After this, I reshaped each image size to 48*48 pixels, created the labels for each characters, and split the images and labels to train images, train labels, test images, and test labels. Here’s my code:
之后,我将每个图像大小调整为48 * 48像素,为每个字符创建标签,并将图像和标签拆分为训练图像,训练标签,测试图像和测试标签。 这是我的代码:
import skimage.transform
import numpy as np
from sklearn.model_selection import train_test_split
kana = np.load("kana.npz")['arr_0'].reshape([-1, 63, 64]).astype(np.float32)
kana = kana/np.max(kana) # make the numbers range from 0 to 1
# 51 is the number of different katakana (3 are duplicates so in the end there are 48 classes), 1411 writers.
train_images = np.zeros([51 * 1411, 48, 48], dtype=np.float32)
for i in range(51 * 1411): # change the image size to 48*48
train_images[i] = skimage.transform.resize(kana[i], (48, 48))
arr = np.arange(51) # create labels
train_labels = np.repeat(arr, 1411)
# In the actual code, I combined the duplicate classes here and had 48 classes in the end
# split the images/labels to train and test
train_images, test_images, train_labels, test_labels = train_test_split(train_images, train_labels, test_size=0.2)
np.savez_compressed("katakana_train_images.npz", train_images)
np.savez_compressed("katakana_train_labels.npz", train_labels)
np.savez_compressed("katakana_test_images.npz", test_images)
np.savez_compressed("katakana_test_labels.npz", test_labels)
I did the same thing for Hiragana and Kanji with some minor changes (e.g. number of characters and writers, image sizes, the way the read the original file, the duplicate characters are slightly different), so I won’t go into detail here.

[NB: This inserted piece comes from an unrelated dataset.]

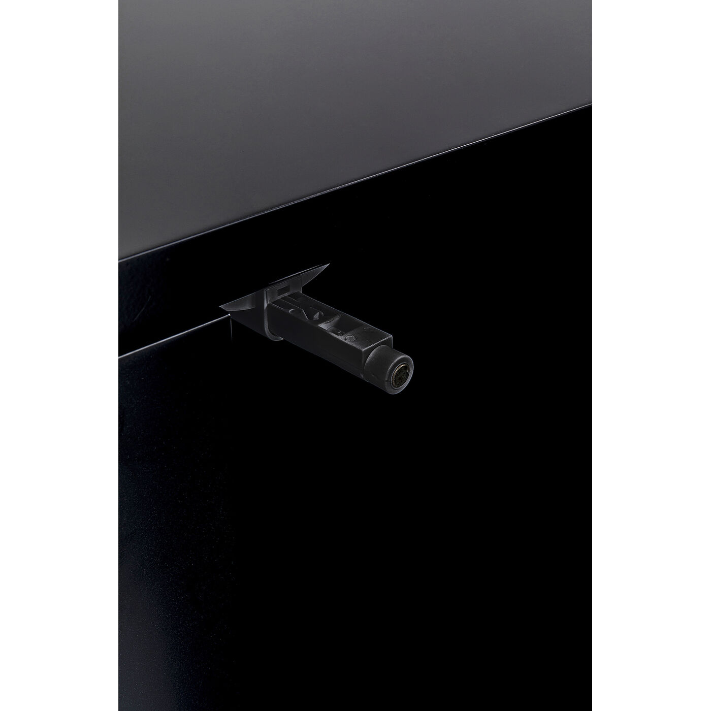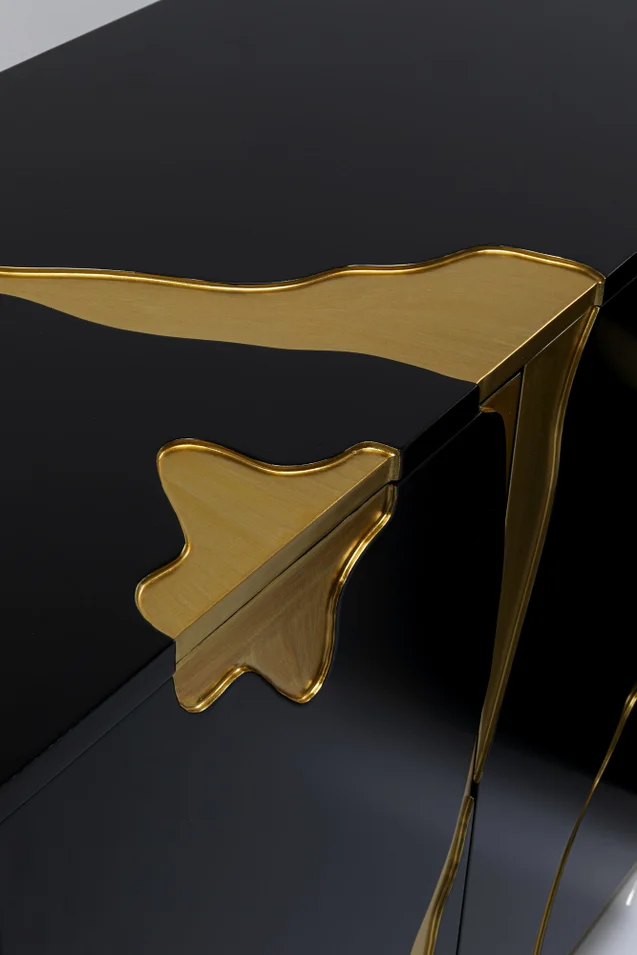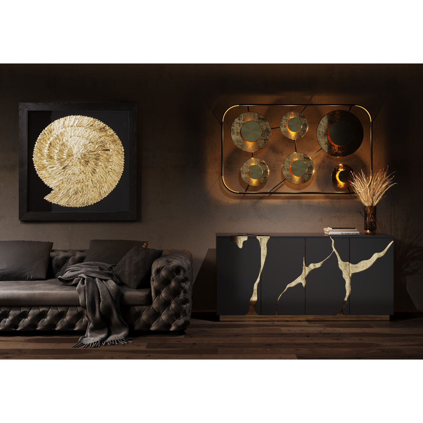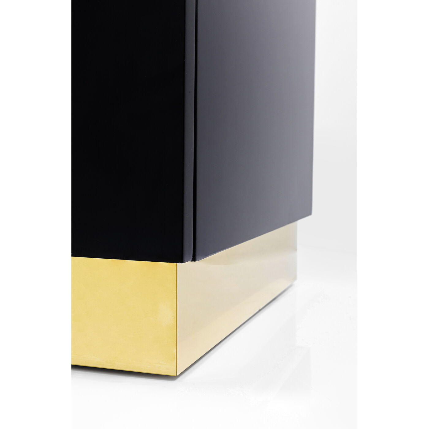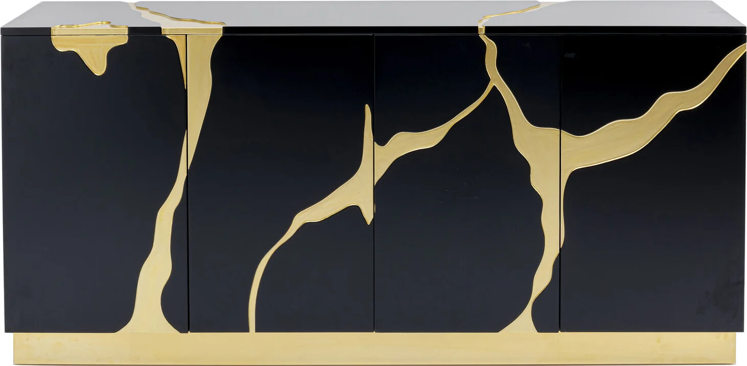 Questa credenza dà un tocco di classe al vostro spazio abitativo! Con il design unico della base e delle linee dorate, dà l impressione che il rivestimento nero sia stato rifinito da un artista dell oggetto. Assolutamente creativo e di grande impatto visivo! La credenza in look lussuoso può essere utilizzata anche come alternativa alla lavagna per la TV e offre spazio sufficiente per riporre gli oggetti grazie ai quattro ripiani regolabili. La pratica funzione push-to-open permette di aprire le ante senza maniglie, mantenendo così l aspetto complessivo della credenza moderno e pulito.

Check out my github page to see the exact code!
我对平假名和汉字做了同样的事情,只是做了一些细微的更改(例如,字符和编写器的数量,图像大小,读取原始文件的方式,重复字符略有不同),因此在此不再赘述。 查看我的github页面以查看确切的代码!
KMNIST already provided each of training images, training labels, testing images, and testing labels, so no extra steps are necessary here.
KMNIST已经提供了训练图像,训练标签,测试图像和测试标签中的每一个,因此此处无需采取额外的步骤。
可视化 (Visualizing)
A very helpful tool to visualize your data is matplotlib.pyplot; this helps a lot with debugging, because you can see if all the data were extracted/formatted correctly. Here’s an example:
matplotlib.pyplot是一个非常有用的工具,它可以形象化地显示您的数据。 这对调试很有帮助,因为您可以查看是否所有数据都已正确提取/格式化。 这是一个例子:
import matplotlib.pyplot as plt
plt.figure(figsize=(6,6)).patch.set_facecolor('color_name')
for i in range(25):
plt.subplot(5,5,i+1)
plt.xticks([])
plt.yticks([])
plt.grid(False)
plt.imshow(train_images[i], cmap=plt.cm.binary)
plt.show()

机器学习-训练模型 (Machine Learning - Training the Model)
Finally, the fun part: training the model!
最后,有趣的部分:训练模型!
We will be using a Convolutional Neural Network (CNN). CNN consists of the process of convolution and pooling, and essentially keeps the important parts of an image so that the model can make a better prediction.
我们将使用卷积神经网络(CNN)。 CNN由卷积和合并过程组成,本质上保留了图像的重要部分,因此模型可以做出更好的预测。

We will also be using ImageDataGenerator in tensorflow.keras, which is a technique of image data augmentation that creates modified versions of images, such as rotated, zoomed, and flipped versions, to train so that the model doesn’t overfit (recognizes training examples well but doesn’t understand different kind of outside data).
我们还将在tensorflow.keras中使用ImageDataGenerator,这是一种图像数据增强技术,可创建图像的修改版本(例如旋转,缩放和翻转版本)进行训练,以使模型不会过拟合(识别训练示例)很好,但不了解其他类型的外部数据)。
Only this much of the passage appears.